▶ Material provided:
********
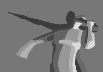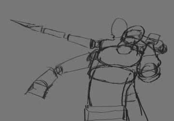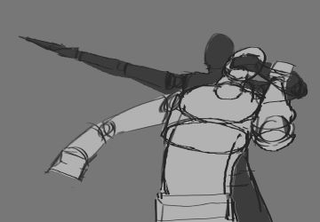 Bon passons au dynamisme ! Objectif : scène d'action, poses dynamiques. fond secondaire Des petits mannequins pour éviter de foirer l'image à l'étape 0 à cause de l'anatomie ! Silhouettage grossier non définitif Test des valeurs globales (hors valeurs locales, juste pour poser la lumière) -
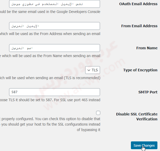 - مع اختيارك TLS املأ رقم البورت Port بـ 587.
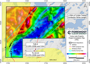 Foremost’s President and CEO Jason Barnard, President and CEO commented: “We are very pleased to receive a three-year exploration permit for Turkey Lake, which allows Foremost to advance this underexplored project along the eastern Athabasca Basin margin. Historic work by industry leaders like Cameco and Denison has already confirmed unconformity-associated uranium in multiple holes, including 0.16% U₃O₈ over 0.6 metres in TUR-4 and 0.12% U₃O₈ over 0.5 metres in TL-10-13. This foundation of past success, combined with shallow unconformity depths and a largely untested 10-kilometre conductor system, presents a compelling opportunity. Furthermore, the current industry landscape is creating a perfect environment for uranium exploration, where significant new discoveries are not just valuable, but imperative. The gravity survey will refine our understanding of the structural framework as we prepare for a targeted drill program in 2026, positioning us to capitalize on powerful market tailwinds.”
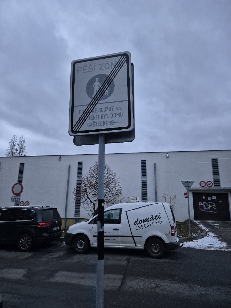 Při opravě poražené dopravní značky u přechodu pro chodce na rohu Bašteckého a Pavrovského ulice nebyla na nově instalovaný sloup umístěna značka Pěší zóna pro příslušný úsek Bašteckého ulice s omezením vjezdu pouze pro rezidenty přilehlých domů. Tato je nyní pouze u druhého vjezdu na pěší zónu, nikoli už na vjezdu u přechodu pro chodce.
********
▶ Problem:
Transcribe only the lines between the line containing "- مع اختيارك" and the final line of the listing, inclusive, exactly as they appear; no pictures are to be included.

▶ Output:
 - مع اختيارك TLS املأ رقم البورت Port بـ 587.
 Foremost’s President and CEO Jason Barnard, President and CEO commented: “We are very pleased to receive a three-year exploration permit for Turkey Lake, which allows Foremost to advance this underexplored project along the eastern Athabasca Basin margin. Historic work by industry leaders like Cameco and Denison has already confirmed unconformity-associated uranium in multiple holes, including 0.16% U₃O₈ over 0.6 metres in TUR-4 and 0.12% U₃O₈ over 0.5 metres in TL-10-13. This foundation of past success, combined with shallow unconformity depths and a largely untested 10-kilometre conductor system, presents a compelling opportunity. Furthermore, the current industry landscape is creating a perfect environment for uranium exploration, where significant new discoveries are not just valuable, but imperative. The gravity survey will refine our understanding of the structural framework as we prepare for a targeted drill program in 2026, positioning us to capitalize on powerful market tailwinds.”
 Při opravě poražené dopravní značky u přechodu pro chodce na rohu Bašteckého a Pavrovského ulice nebyla na nově instalovaný sloup umístěna značka Pěší zóna pro příslušný úsek Bašteckého ulice s omezením vjezdu pouze pro rezidenty přilehlých domů. Tato je nyní pouze u druhého vjezdu na pěší zónu, nikoli už na vjezdu u přechodu pro chodce.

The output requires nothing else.